John Moffly, Voice Architects
What did Voice Architects discover about the applications created during the Speech Solutions CHALLENGE?
John Moffly The results of the AlphaCheck on the apps validated the premise of the CHALLENGE, that is, using today's tools, you can actually build a fully featured speech application prototype in a matter of hours. This simply was not possible two years ago, and we can thank the software and tools venders, primarily the participants, who have made this possible.
What are some reasons that speech applications need to be tested?
JM Speech applications, like any other software project, need to be tested to validate that they function as designed. Traditional software testing includes unit and system code tests, latency to the back-end, stress tests, and others. Unfortunately, speech has an additional requirement. A perfectly implemented speech application may not actually function all that well, simply because caller behavior is different than anticipated. Interface testing allows the VUI designer to true up anticipated caller behavior and interface performance, with the reality of what actual callers say.
Why is it necessary to do systematic usability testing?
JM For the same reason data from actual callers should be used in interface testing, you should also be systematic in the process. Which means use of a common set of metrics on a statistically significant caller population. By far, the toughest part of coming up with our testing program, AlphaCheck, was definition of a common set of metrics. The metrics had to be easy enough for a call center manager to understand, yet useful for VUI designers to use for tuning. They must be generated on data from any speech engine and telephony platform at both the application and state level. Finally, they should be simple to generate and calculate We were looking for something like ASA, that everyone knows the definition of, and applies across all call centers regardless of size or vertical. The result was our set of six Key Usability Indicators, or KUI's.
Can you describe the testing process for the seven applications?
JM AlphaCheck is a simple process. Historical call data from recognition logs is imported into our LogSense analytics tool, which does several things. It creates a template of the application, where we can configure things like recognition states and invalid exit states for reporting, it generates KUI's at the state and application level, and it provides us with a tuning dashboard that facilitates subsequent tuning activities such as off-line recognition, audio review, and error aggregation. For a full AlphaCheck, VA then analyzes quantitative results, performs qualitative call analysis, and then generates a laundry list of hotspots, which we call our QuickFix Plan.
Was it difficult to have statistical data prepared in less than 24 hours for the audience at SpeechTEK? How long would this process normally take?
JM A full AlphaCheck takes about 4 days to perform, but the KUI generation process is relatively quick. The greatest challenge was collection and manipulation of large data files accessed from our laptop perched on the wobbly tables in Starbucks on 9th Avenue, through their equally wobbly wireless service. Other than that it was a snap!
What did the results show? What can you interpret from the data?

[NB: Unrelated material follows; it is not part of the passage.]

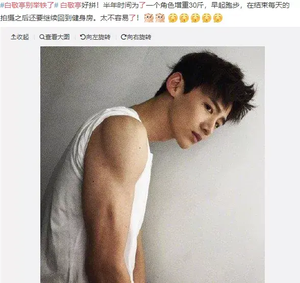 结果他非要这么执迷于健身、肌肉,反倒没了那种清秀的感觉、甚至看起来觉得很“可怕”~其实锤爷早就说过:小白是非常有主见的,别说是“非要保持少年感形象”这种不利于拓宽戏路的事儿了,哪怕是“炒cp”这种有利于上位的操作他都不肯呢!所以,在他看来,只有“为了一个角色拼尽全力”,根本就不存在“是否会有损于自己的形象和人气”~
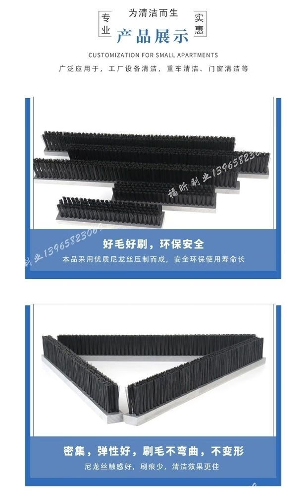 PVC industrial brush strip dust-proof nylon plastic brush industrial long and short hair soft and hard bristle strip brush row brush 100*30*15*30 three rows of hair

JM The KUI's that probably have the most relevance are the Average Errors per State (AES) and Raw Recognition Rate (R3). At 0.35, the AES is roughly 50 percent higher than what we see as an average for deployed applications (0.23). The Raw Recognition Rate was 64 percent vs. Voice Architects' benchmark of 77%. These numbers seem quite solid at one level, that is, it's remarkable that you could build an application in 6 hours that could return a recognition result 3 out of five times. Of course, not all these recognition results were correct. Low scores in Confirm Percent Yes (CPY) indicate a large number of mis-recognitions, or false accepts.
What are the strengths and weaknesses of each application based on your test results?
JM Perhaps the most interesting correlation was between the Application Error Rate (AER) and the Average States per Call (ASPC). The correlation may be a result of dialog design strategies. Structured, stepwise dialogs produced fewer errors, and more concise strategies, because they tackled harder recognition tasks, failed more frequently. However, the correlation also might be a result of another obvious point: apps with low usability have higher error rates, and hang-ups, and therefore shorter calls. In any case the data clearly indicates that effort spent on grammars and prompts (as opposed to call flow and persona) will improve recognition, reduce errors, and improve usability.
Explain the difference between testing and tuning.
JM Voice Architects' views testing as the assessment of interface performance, understanding the dynamics and establishing performance goals. Tuning is the process that optimizes the interface, essentially eliminating errors. So, generally, you would test before and after you tune. Tuning is now recognized by the speech industry as a critical part of the VUI lifecycle. At Voice Architects we tell call center clients, that if they train their agents, they should tune their speech interface. The value prop is identical.